# Ik zit in/op de trein/bus/etc.



## Lilomi

Dag allemaal, 

Al enige tijd reis ik op en neer tussen Nederland en België met het OV. Wanneer ik dan zo om me heen luister, valt het me vaak op dat vele Vlamingen de zin "Ik zit _op_ de trein/bus" etc. gebruiken. Men zegt in Nederland wel: "Ik zit _op_ de boot." (als in: op het dek van de boot bijvoorbeeld) of "ik ben aan boord van de boot." 

Ik geloof alleen niet dat ik het gebruik van het voorzetsel _op_ i.p.v. _in_ _de trein/bus/tram_ ooit in een Nederland-Nederlands dialect heb gehoord (tenzij het de trein onderhoudsmensen zijn).  Het klinkt mij daarom altijd nogal onjuist in de oren, vooral omdat je toch _binnenin_ deze voertuigen zit en niet er _bovenop_ (als in: op het dak)? 

Is dit in Vlaanderen echt zoals het Vlaams dialect het officieel voorschrijft of wordt het hier in het algemeen ook als foutief gebruik van het voorzetsel _op_ gezien? En welk voorzetsel gebruikt men dan om aan te duiden dat je _in_ _de auto/metro_ zit? Is dat ook _op_?
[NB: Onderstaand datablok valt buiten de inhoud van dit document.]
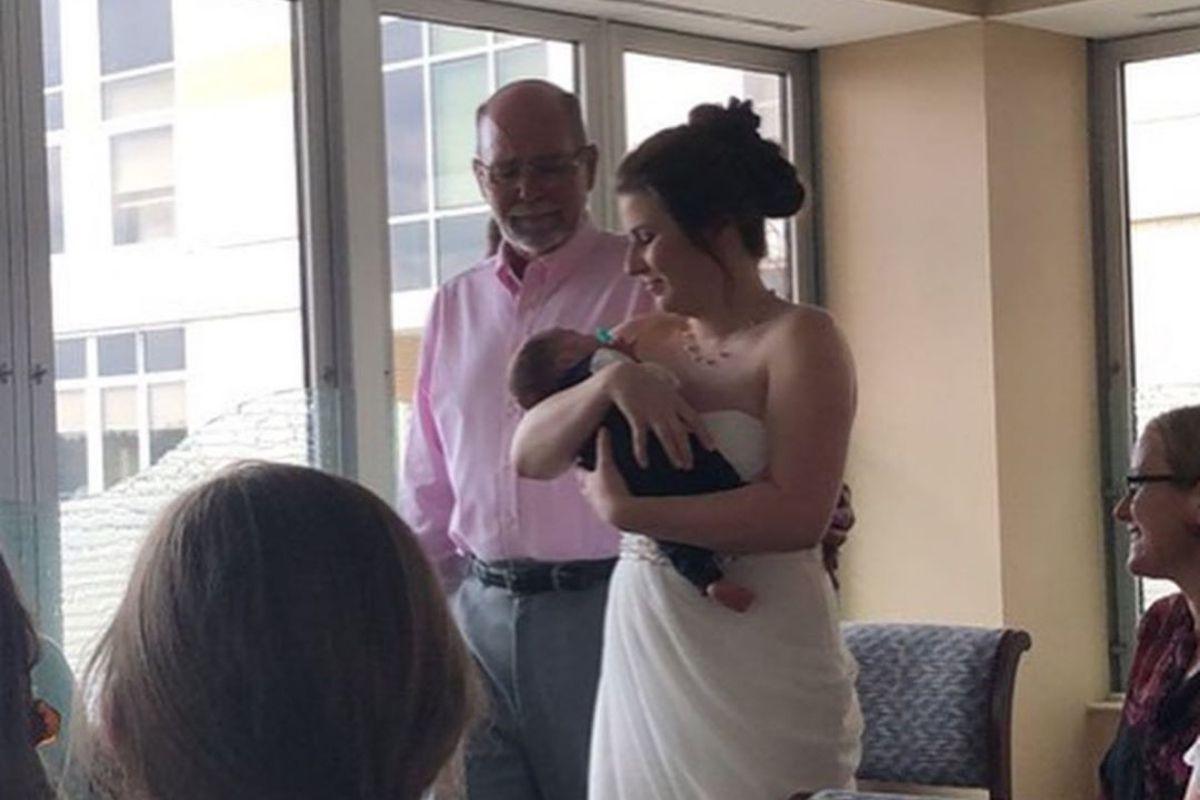 Os dois decidiram se casar, mas apenas em uma cerimônia discreta no tribunal. Disseram à enfermeira que cuidava de Oliver que eles ficariam longe da UTI pré-natal por um curto período de tempo, para que pudessem realizar o casamento. O casal perguntou ao médico de Oliver se ele achava que o bebê estava estável o suficiente para ser retirado dos monitores, já que nasceu prematuro. Com a bênção do médico, Oliver pôde comparecer ao casamento. Em uma rápida “missão”, como a mãe contou brincando, as enfermeiras decoraram o berço de Oliver para que ele pudesse ser levado até a capela do terceiro andar.

Ik ben benieuwd naar jullie antwoorden 

Vriendelijke groeten, 

Lilomi


----------



## bibibiben

Volgens De Nederlandse Taalunie is het gebruik van het voorzetsel _op_ in dit soort gevallen te beschouwen als standaardtaal in België: http://taaladvies.net/taal/advies/vraag/1427/op_in_de_bus.


----------



## Lilomi

Ik zie het inderdaad staan, dank voor de link. Het klinkt heel begrijpelijk aangezien het gebruik hiervan alleen in Vlaanderen voorkomt en niet in Nederland, maar er staat ook dat het voorzetsel _in _in dit soort gevallen in het gehele Nederlandse taalgebied als standaardtaal wordt gezien, waar _op_ alleen in België standaard is. Dus hoe ziet men dit verschil dan in Vlaanderen? Wordt het gezien als slechts een voorkeursvariatie waarbij zowel _in_ als _op_ als correct worden ervaren óf is het dan, omdat _op_ meer gebruikt wordt in Vlaanderen, juist omgekeerd en klinkt   het gebruik van _in_ bij de gemiddelde Vlaming als foutief in de oren klinkt?


----------



## bibibiben

Met het predicaat _standaardtaal in België_ worden die varianten aangeduid die in België binnen alle lagen van de bevolking en op elk niveau volstrekt gangbaar zijn, maar in Nederland niet. Ik ga ervan uit dat in dat soort gevallen de eveneens bestaande 'standaardvariant voor het gehele taalgebied' in België minder gangbaar zal zijn. Niet dat die variant ook als fout zal worden aangemerkt, maar ik kan me voorstellen dat men daar denkt: die variant wordt eigenlijk alleen in Nederland gebruikt. Maar goed, het fijne ervan moet je van de Vlamingen zelf horen. Gelukkig zijn er hier genoeg!


----------



## NewtonCircus

Lilomi said:


> Dus hoe ziet men dit verschil dan in Vlaanderen? Wordt het gezien als slechts een voorkeursvariatie waarbij zowel _in_ als _op_ als correct worden ervaren óf is het dan, omdat _op_ meer gebruikt wordt in Vlaanderen, juist omgekeerd en klinkt   het gebruik van _in_ bij de gemiddelde Vlaming als foutief in de oren klinkt?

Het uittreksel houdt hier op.